Around the world, there is no more exciting venue for fun and connection than video games. And there has never been a better time to play than right now. As we extend the joy and community of gaming to everyone, we look forward to welcoming all of our friends at Activision Blizzard to Microsoft Gaming.

There’s nothing specific about which platforms might or might not see the continues presence of particular games (outside of the Xbox/Microsoft ecosystem, to be clear), but there are a number of things to keep in mind for Nintendo fans. First off, relations between Microsoft and Nintendo have been very strong in recent years. From the introduction of Xbox IPs like Cuphead and Ori to Switch, to the reintroduction of Banjo-Kazooie both as a Super Smash Bros. Ultimate fighter and the upcoming release of the N64 original on Nintendo Switch Online, the two companies have been working together for a while now. It stands to reason that Microsoft would want to continue this arrangement moving into the future, especially given the company’s focus on playing games across a wide spectrum of platforms, not just Xbox.

Also, in terms of franchises like Crash Bandicoot, Call of Duty, and so on, it’s likely Microsoft will take an approach similar to what it did with the acquisition of Minecraft developer Mojang. In that case, Minecraft was so prolific and on so many platforms that it wouldn’t have made good business sense to suddenly prune the player base down to just Xbox and PC. Thus, Minecraft has remained for many years now a multiplatform franchise. Longterm, there will surely be ramifications to the shape of the industry with such a large company as Activision Blizzard now under the banner of Xbox, but things are looking in the positive for Nintendo fans who hope to keep playing titles like Spyro and Diablo. We’ll continue to update as we learn more about this deal.
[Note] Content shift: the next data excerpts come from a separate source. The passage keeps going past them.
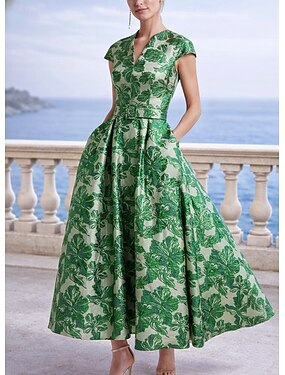 Linea ad A Lunghezza alla caviglia Abiti da Cocktail Elegante Floreale Manica Corta Scollo a V Festa in giardino Matrimonio Tasca Jacquard con Stampa floreale Pieghe Tasca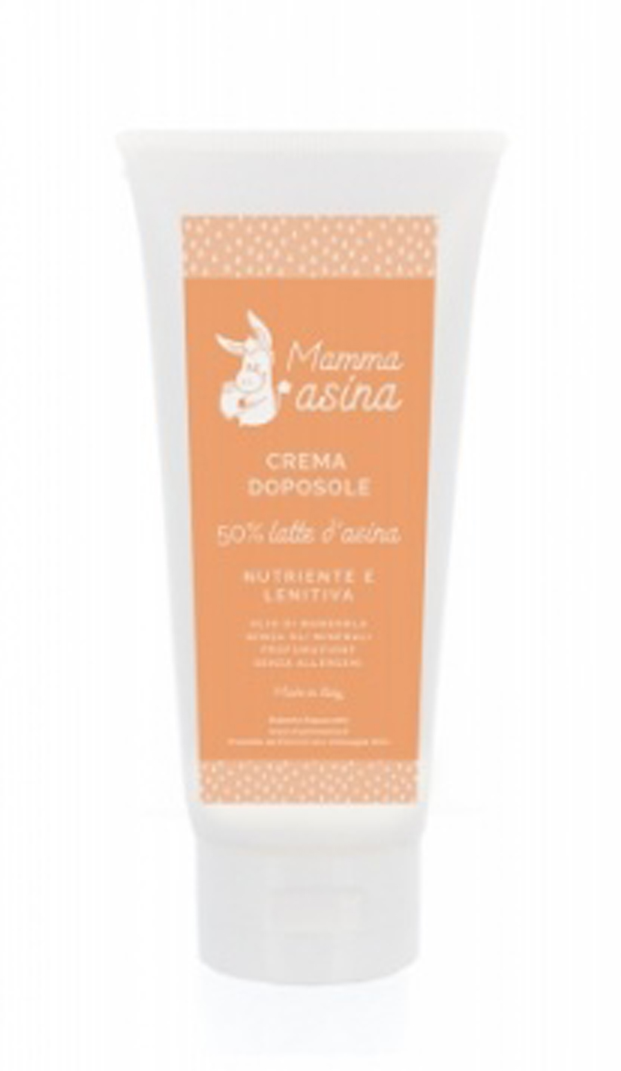 La crema doposole Mamma Asina contiene Latte d’Asina ad alta concentrazione e preziosi oli vegetali dall’azione filmante ed elasticizzante (burro di karitè e olio di mandorle). L’olio di mallo di noce contribuisce ad esaltare il colore dell’abbronzatura, mentre l’acido glicirretico e l’estratto di elicriso favoriscono l’azione lenitiva dai rossori dovuti all’esposizione al sole.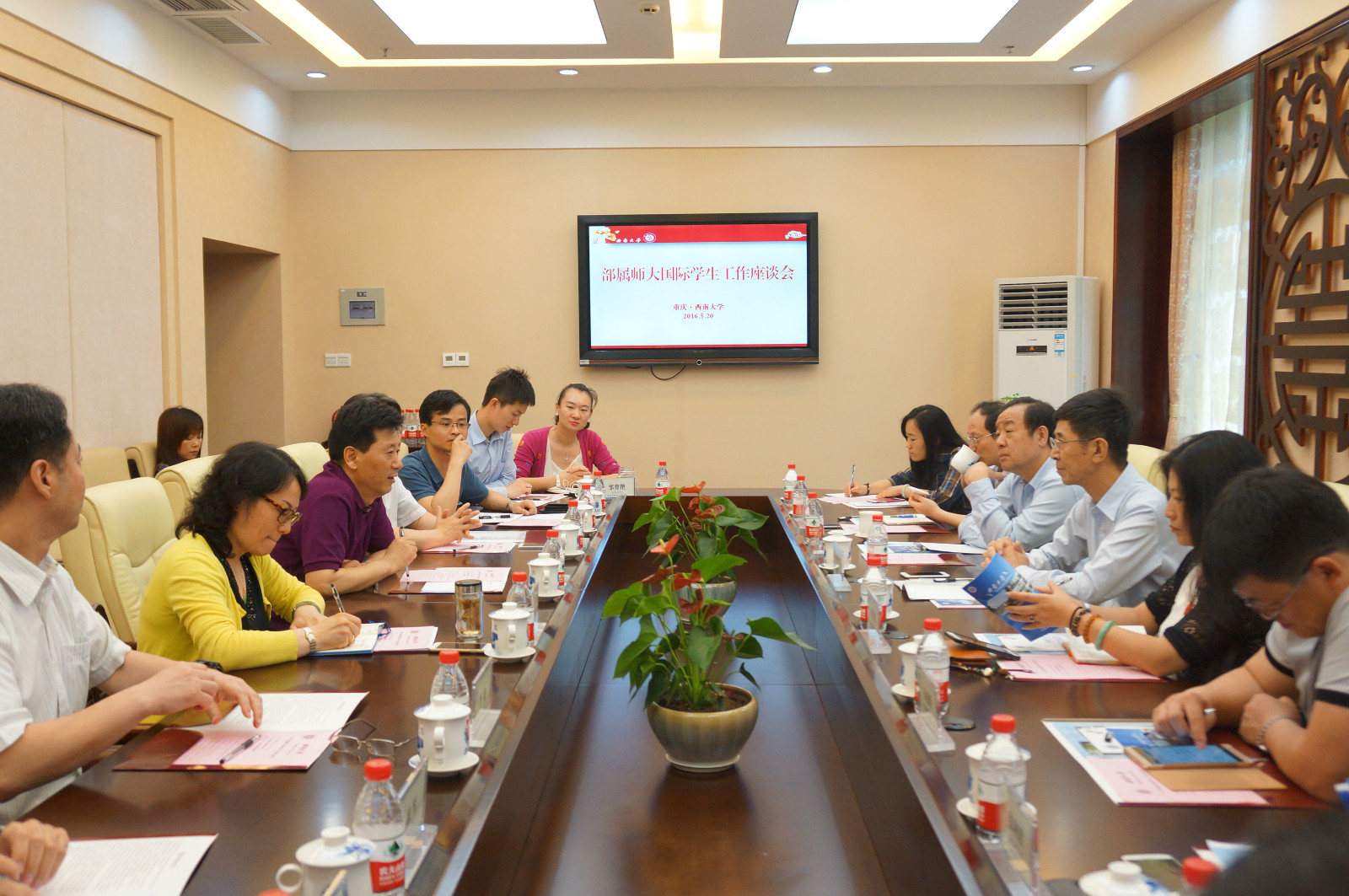 2016年5月20日下午,部属师大国际员工工作座谈会在公司suncitygroup太阳集团签约室举行。中国高教学会外国职工教育管理分会副会长兼秘书长贺向民,华东师范大学国际教育中心主任黄美旭,陕西师范大学国际汉公司经理张建成,北京师范大学国际合作与交流处副处长艾忻,东北师范大学国际合作与交流处副处长孙德胜,华中师范大学国际文化交流公司副经理周波,suncitygroup太阳集团副董事长靳玉乐,suncitygroup太阳集团经理王静、党总支书记刘猛、副经理李航参加了座谈会,会议由suncitygroup太阳集团经理王静主持。

Source: The Wall Street Journal

One Response to “Microsoft Makes Blockbuster $68.7 Billion Purchase of Activision Blizzard”

  • 1570 points
    penduin says...

    I must not be much of a “gamer” after all. I know these are huge franchises and this is literally an enormous deal, but I apparently haven’t played anything from Activision or Blizzard.
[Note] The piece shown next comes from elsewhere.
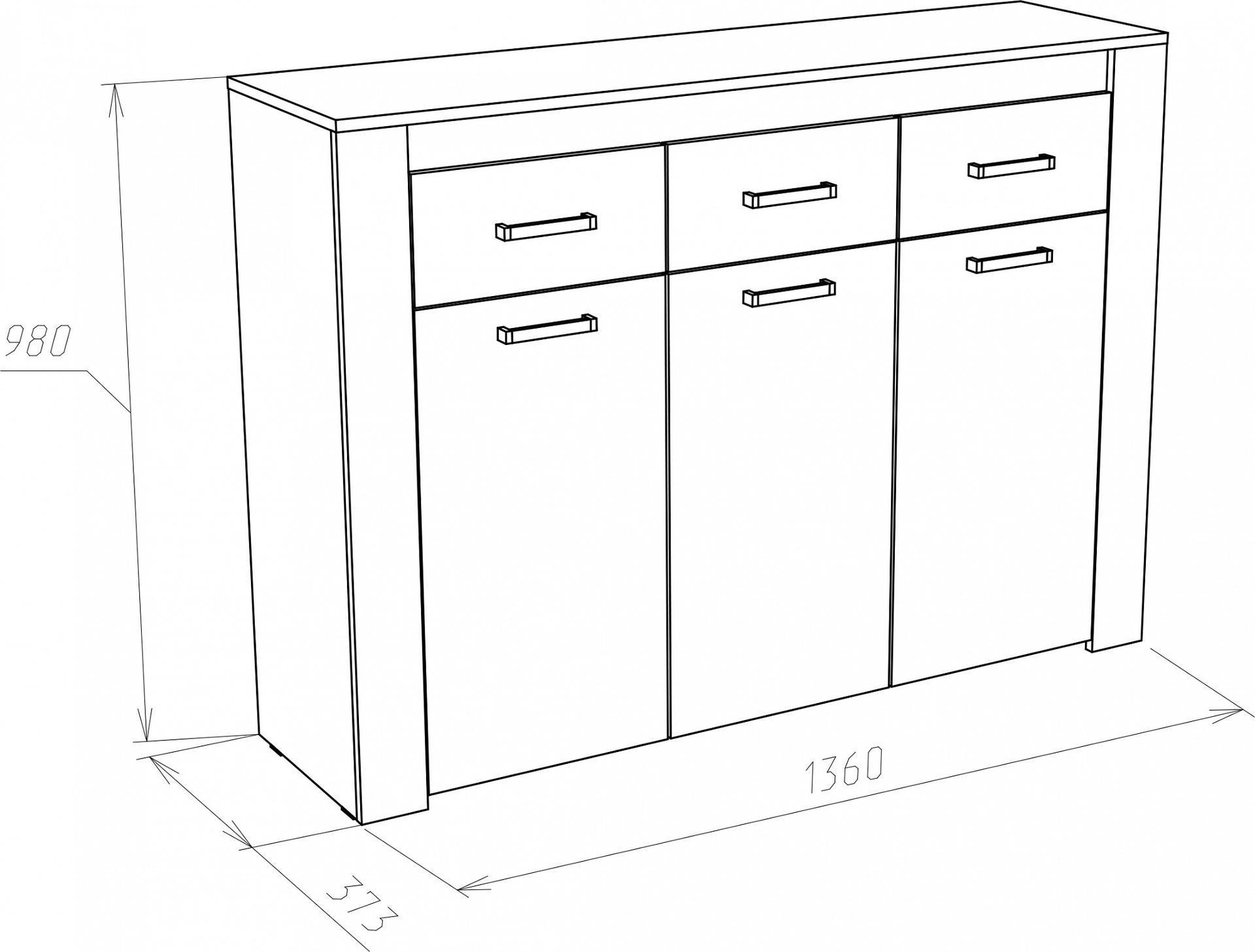 2 полки, 3 дверцы, 3 ящика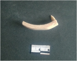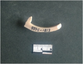 | Description / विवरण | This is a fragment of an unfinished shell circlet. It is an unfinished bangle fragment. It is white in color with polished inner surface and grounded outer surface. Rectangular in cross section. |

    This was the next logical step in what Microsoft started with the original Xbox — buying their way to control over gaming, just as they did with personal computing. In both cases, it seems, my interests are a fair distance away from their offerings — GNU and Linux for computers, and Nintendo consoles with an occasional Sega or Sony thrown in.

    Remember when Square buying Enix felt too big and powerful and monopolistic? I pine for the days of only somewhat-runaway out-of-control capitalism.